> _Task prompt_
Below is a listing. Set down exactly the lines from the one containing "永州市生态环境局新田分局关于" through the one containing "Oriental Rug FWR492144", both ends included, and leave out the rest.

> _Given information_
+---+

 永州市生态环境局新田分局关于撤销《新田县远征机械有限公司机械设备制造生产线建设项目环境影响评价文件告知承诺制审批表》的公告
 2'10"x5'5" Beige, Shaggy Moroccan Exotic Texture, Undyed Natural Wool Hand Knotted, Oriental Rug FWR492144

+---+

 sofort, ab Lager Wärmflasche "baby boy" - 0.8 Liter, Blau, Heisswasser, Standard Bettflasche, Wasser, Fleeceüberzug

+---+

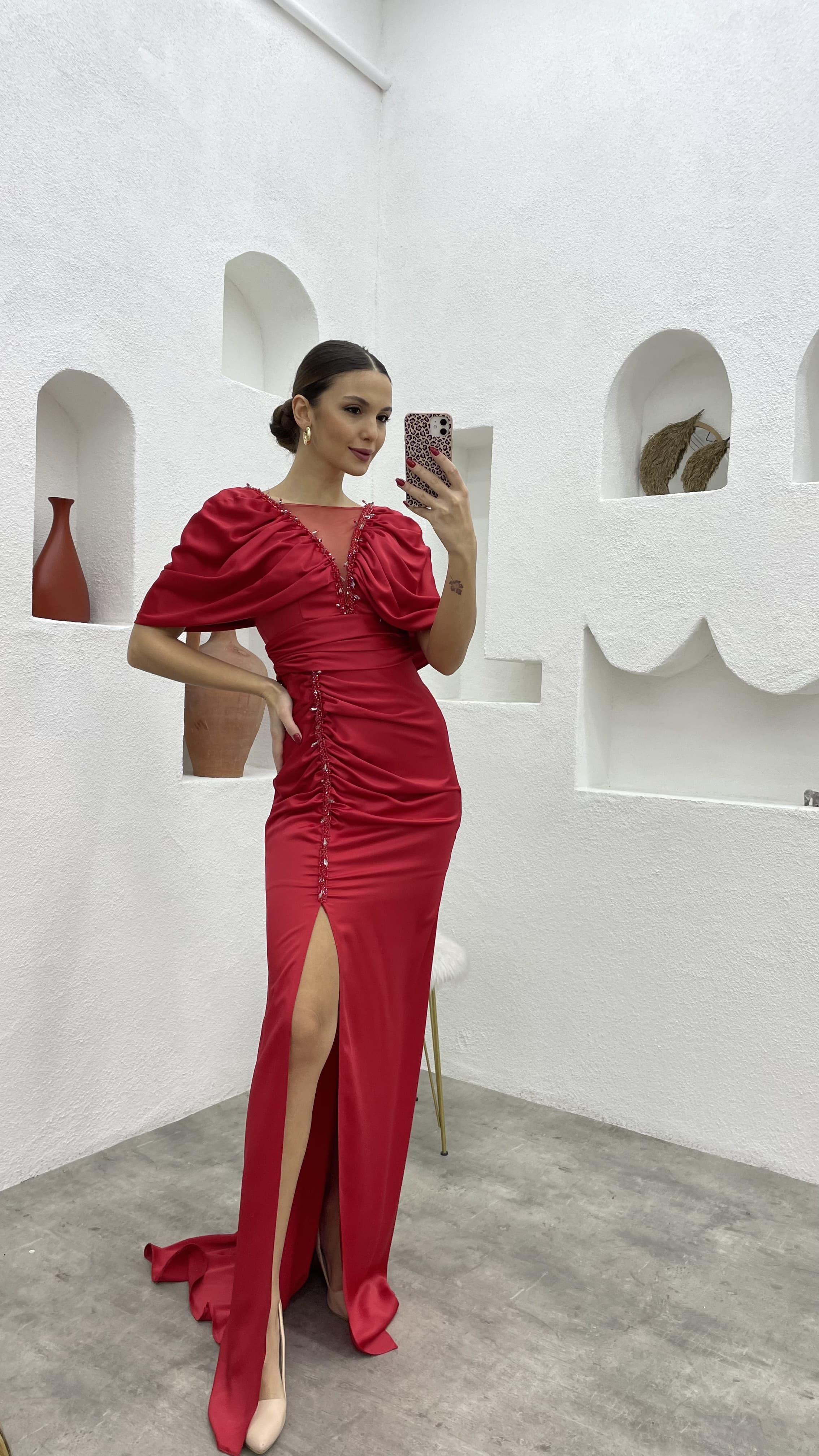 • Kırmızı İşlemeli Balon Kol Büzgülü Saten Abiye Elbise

+---+

> _Exercise response_
 永州市生态环境局新田分局关于撤销《新田县远征机械有限公司机械设备制造生产线建设项目环境影响评价文件告知承诺制审批表》的公告
 2'10"x5'5" Beige, Shaggy Moroccan Exotic Texture, Undyed Natural Wool Hand Knotted, Oriental Rug FWR492144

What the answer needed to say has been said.